Researcher reflects on HIV work

Baltimore’s Dr. Robert Gallo oversees more than the Institute of Human Virology.

As the world’s foremost thinker in the field of AIDS/HIV research, Gallo has organized an annual retreat for 10 years, drawing infectious-disease researchers from around the world to Baltimore to share ideas, information and strategies on fighting some of the world’s nastiest viruses.

“It’s a science meeting with the feel of a family reunion,” Gallo said. “There’s a core of people who always come back, including the Europeans, Israelis and NIH people.” Gallo’s research in those years was carried out in Montgomery County’s National Institutes of Health complex, and he was a well known scientist in the Washington area as well as the world.

The meetings began as Gallo’s lab retreat with scientists, but the word spread.
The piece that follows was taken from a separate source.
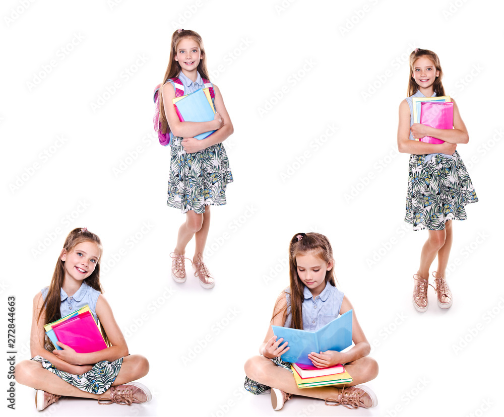 Collection of photos portrait of cute smiling happy little school girl child teenager with school bag backpack and books isolated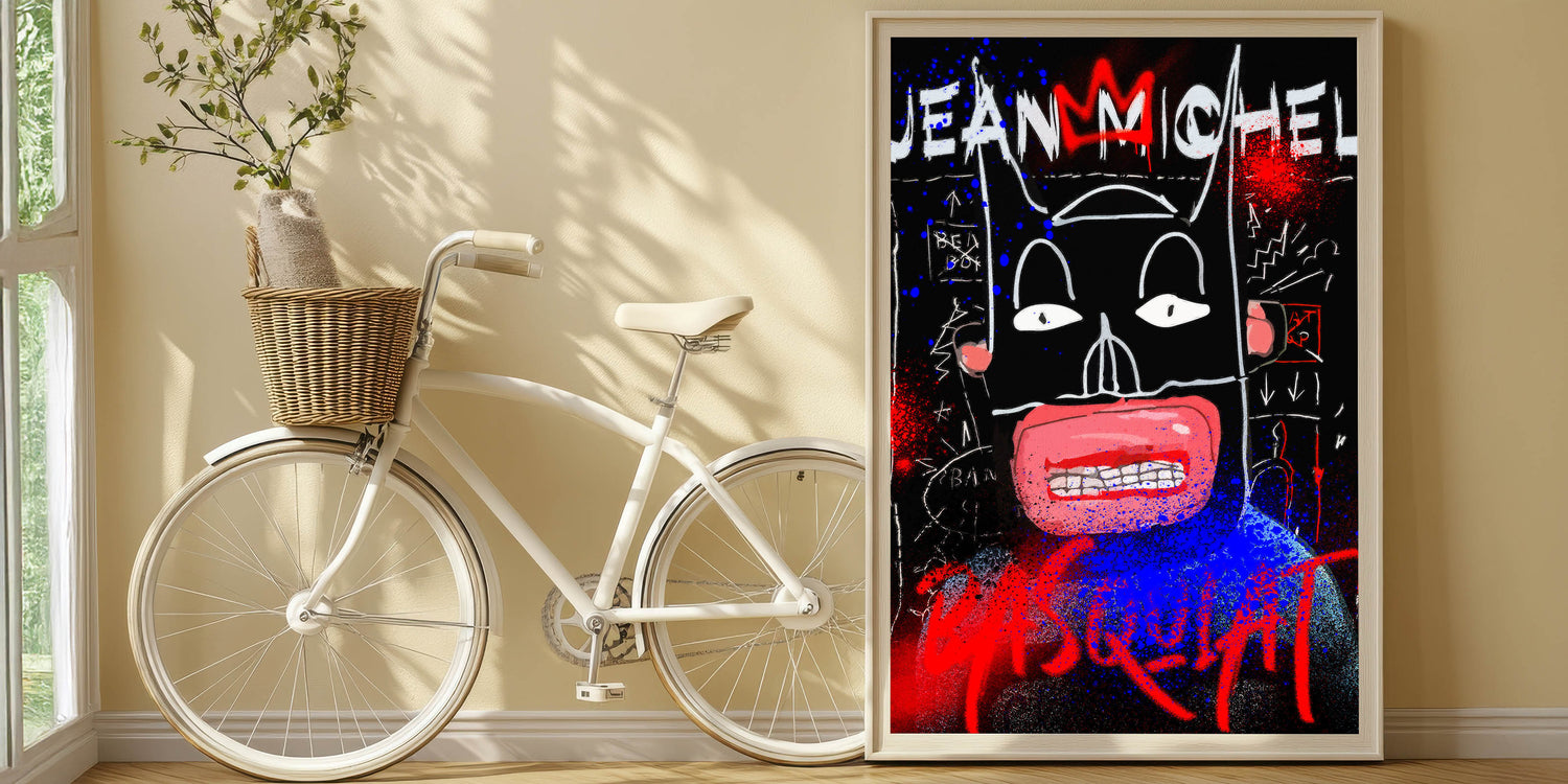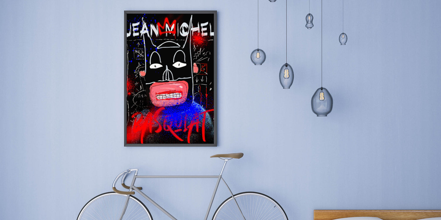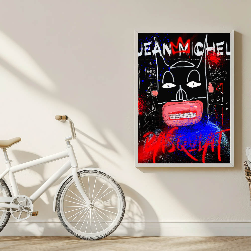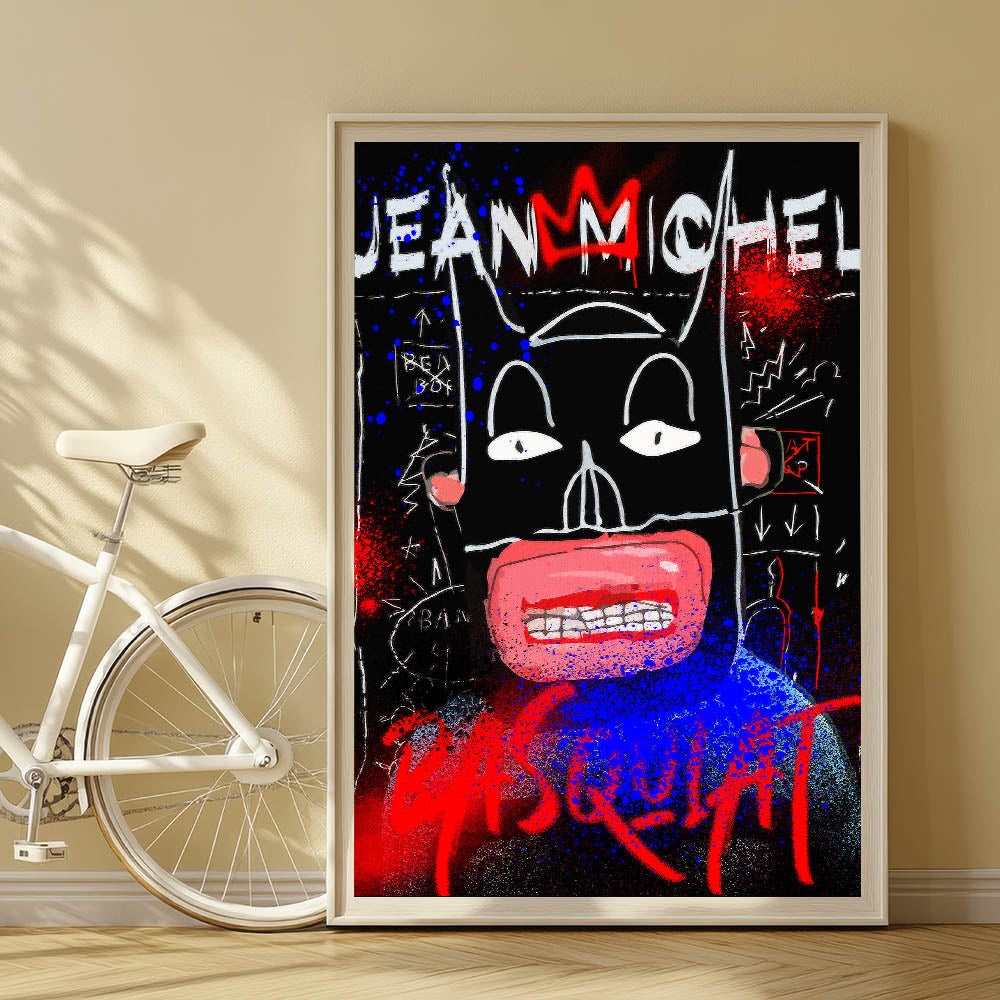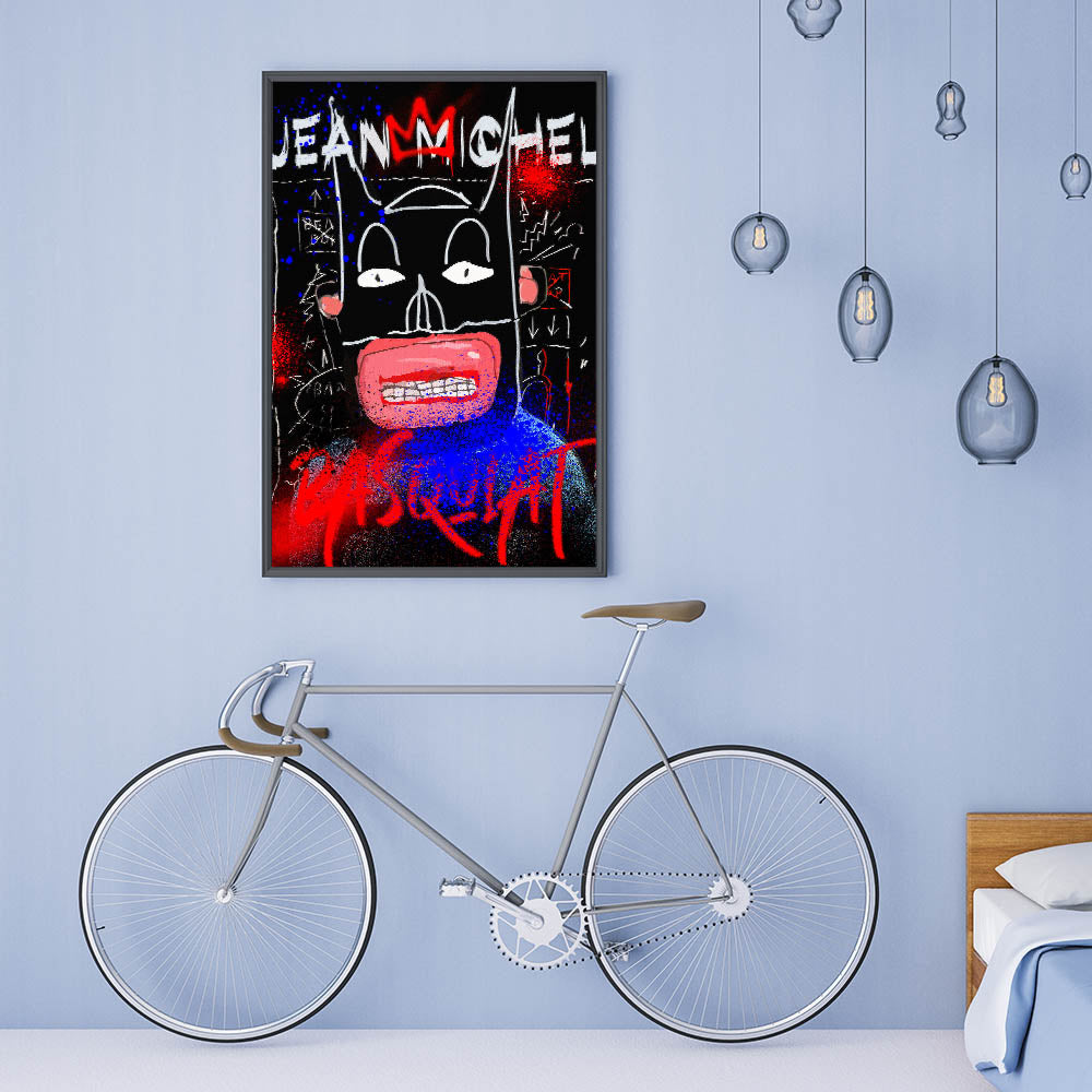 Make a powerful statement with this graffiti-inspired pop art wall art, featuring a bold portrait of a figure wearing a mask, with vibrant splashes of red and blue. The energetic design is a nod to Jean-Michel Basquiat's raw, expressive style, combining iconic symbols like crowns, chaotic text, and dynamic brushstrokes. This artwork captures the essence of modern street art with its rebellious aesthetic, making it the perfect addition to any contemporary space.

People from all over joined Gallo’s researchers for a chance to share information with the man responsible for identifying the link between HIV and AIDS, discovering the first human retrovirus — the leukemia virus — and developed the first blood test to screen for HIV.

Gallo was the most referenced scientist in the world between 1980 and 1990, according to the institute, and he thinks a vaccine against AIDS could be ready for testing in the next few years. Earlier this month, the London think tank Gold Mercury International awarded him the 2006 Gold Mercury Health & Science Award.

“Gold Mercury recognizes Dr. Gallo’s pioneering influence in the field of virology, including discoveries that have led to both diagnostic and therapeutic advances in cancer and several other viral diseases,” the release from Gold Mercury states.

Gallo recently shared some of his personal background with The Examiner. Raised in an Italian family in Waterbury, Conn., Gallo said his father’s side of the family was reserved, but his mother’s relatives were traditional Italian: “Long dinners, happy, smooching, loving and kissing.”

Gallo, who played basketball and football in his youth — when he wasn’t swimming in Connecticut’s many rivers and lakes, spends most of his time now with his work and his family and playing “a little tennis, even with a replacement knee.”

“I’m more of a Ravens fan than anything,” he said. “I actually went to Nashville to see them play.”

Of his childhood, Gallo said, “I got whacked many times by the nuns … kissed a lot of girls. All the fun was over by the time I was 18.”

He was inspired to go into the medical field by his uncle, a zoologist, and by the doctors who tried to save his younger sister from leukemia when he was 13.

“I met a lot of doctors in the hospital when my sister had leukemia,” Gallo said. “Also when I broke my back in my senior year of high school.”

Gallo’s father was a metallurgist.

“He developed guided missile warheads,” Gallo said.

But his father worked a lot.

“I went on vacations with my uncle,” he said. “He was always finding interesting things to point out to us” in the wild.

Gallo and his wife, Mary Jane Gallo, have been married 46 years. They have two sons, Marcus, 44, and Robert, 43, and a daughter, Caroline Wong-Staal, 23, all living in the Bethesda area.